Opinion

Breaking Down Barriers

 By ASHLEY SHAH, freshman

A woman walks onto a college football field, clad in the glory of her school’s colors. As she assumes her position among an otherwise exclusively male team, she prepares herself for what she knows will be an intense game—despite bewildered stares from the opponents.

A man walks into a dance studio just as the other female dancers turn their gazes toward him, silently questioning his presence. Although he proves himself a talented dancer through his graceful leaps and pirouettes during rehearsals, he remains the victim of awkward stares as he works to perfect his routine.

Currently, it is far too easy to divide athletics into “female sports” and “male sports.” It is not that easy, however, to accept a male as a member of a synchronized swim team or a female as a member of a hockey team. Some say this stems from the “accurate” fitness tests that determine whether someone is physically fit for a sport, but these assessments are actually just snide ways of preventing certain people from participating. Some tests deem boys “too strong” to play a female-dominated sport, while others regard girls as “lacking average muscular composition” and therefore unfit to compete in a male-dominated one.

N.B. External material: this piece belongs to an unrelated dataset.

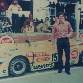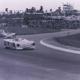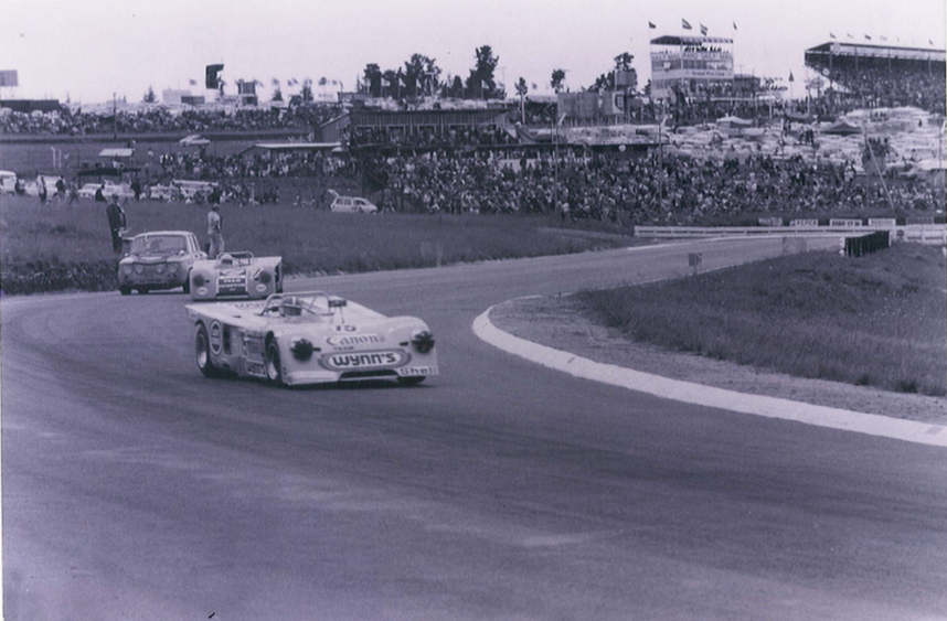 At the end of 1971, Jody was back in SA taking part in the 9-Hour sports car race at Kyalami, sharing a Team Wynn’s Chevron B19 FVC with Dutchman Ed Swart. They got as high as third place before the car’s clutch burnt out with an hour to go, but they had covered enough distance to be classified 14th. Pic shows Jody entering The Esses ahead of the Team Gunston Chevron B19 FVC of Mike Hailwood/Chris Craft and the Renault R8 Gordini of Alan Lavoipierre/Bob Delport.

However, it is more than likely that gender labels on sports actually occur due to the generalities we as a society have formed about which activities are “proper” for males and females and are not based on any hard science.

Yet some are out there: those who defy the limits, those who venture to cross the line despite the scrutiny. Around the world, these men and women who defy convention to play the sports they love—who dare to break the barriers of gender—are singled out and ostracized. But they still persevere, simply for the love of the game. Their talent speaks for them, even when others question their very right to participate. This chain of restrictions extends farther than just athletics: the imaginary barricade between the abilities of females and males stretches far and wide, haunting athletes, workers, and politicians everywhere. Only those who are filled to the brim with determination and courage dare to break down this barrier.

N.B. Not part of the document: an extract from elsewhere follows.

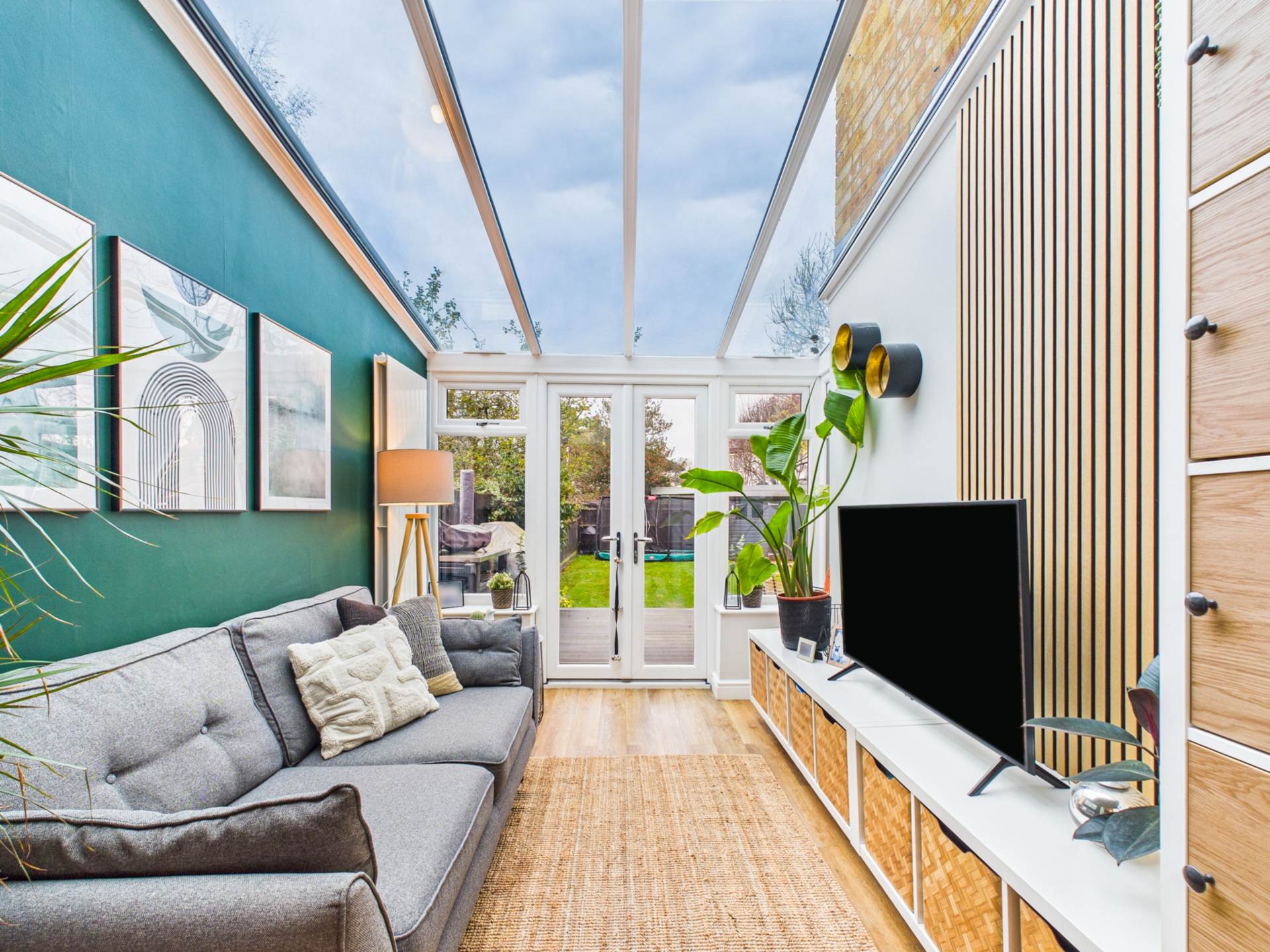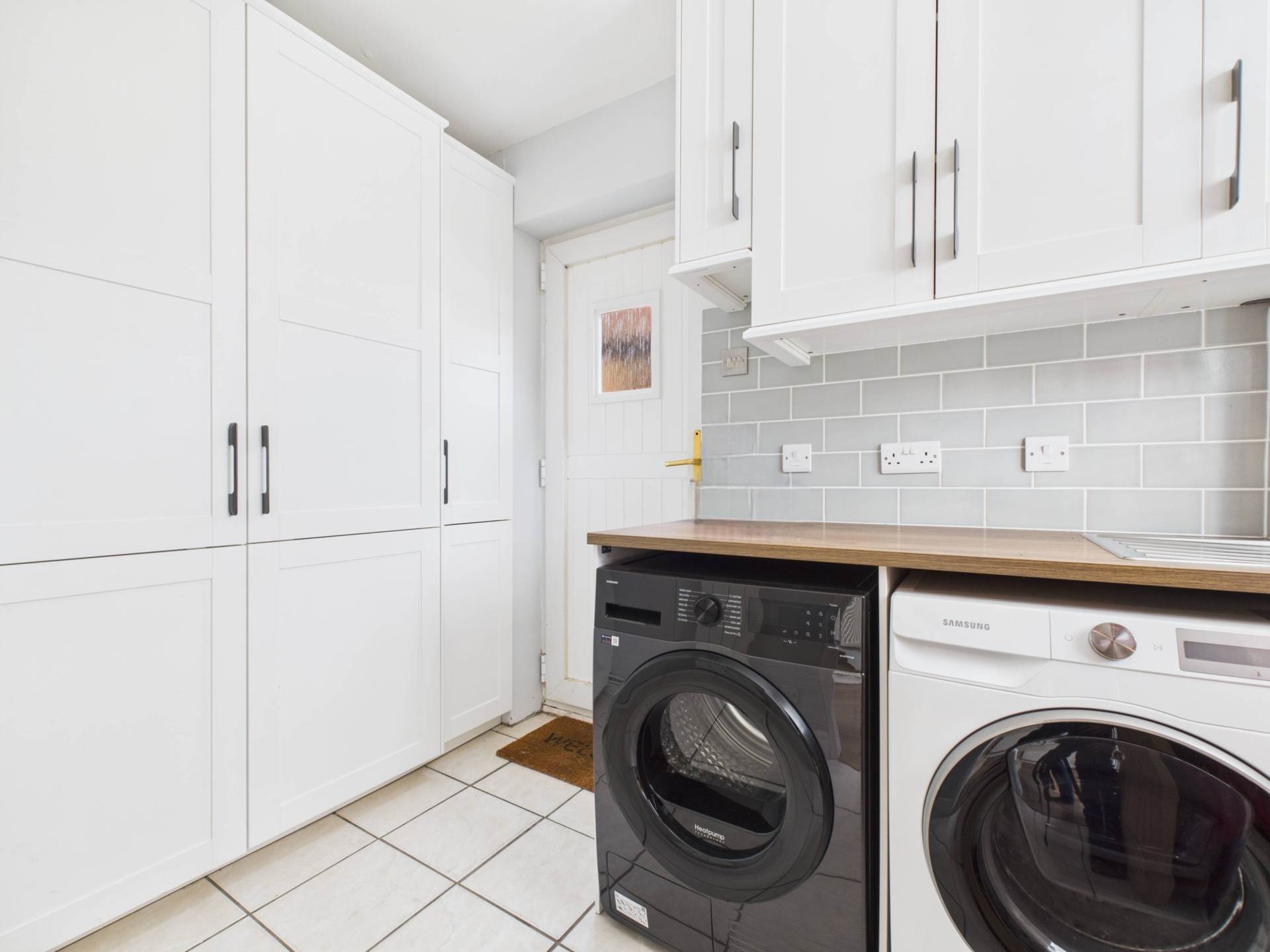 The ground floor also includes a practical cloakroom, a dedicated study perfect for home working, and a useful utility room with external access. A separate, cosy living room provides a peaceful retreat, complete with a log burner and patio doors that lead directly to the rear garden, creating a seamless indoor-outdoor flow.

In an age that has seen us progress past some gender norms in the stay-at-home dad controversy, is the division between the sexes fading away or persisting? Despite the surge of audacious athletes ready to break the mold, obtaining legitimate acceptance for unconventional gender roles in sports is not a light task. Take the case of Andrew LaFortezza and Jason Elbaum, both seniors at Horace Greeley High School in New York, who had to cut through much bureaucratic red tape before they were allowed to participate in their school’s only volleyball team—the girls’ team. To play volleyball that season, they had to appeal to the athletic director, pass the fitness test without being deemed “too strong,” gain approval from the superintendent, and receive a final verifying affirmation from Section 1 of the New York State Public High School Athletic Association. It’s a marvel that the season wasn’t over by the time they were finally allowed on the team.

Athleticism is a quality that should transcend gender. The woman on the football field and the man in the dance studio shouldn’t have to do additional work to be accepted if they possess the necessary talent. Similarly, students shouldn’t have to receive permission from a ridiculously long bureaucratic list of officials and coaches to be granted the opportunity to participate in a team. When all is said and done, it should be an individual’s ability—and nothing but ability—that determines whether he or she should be allowed to play.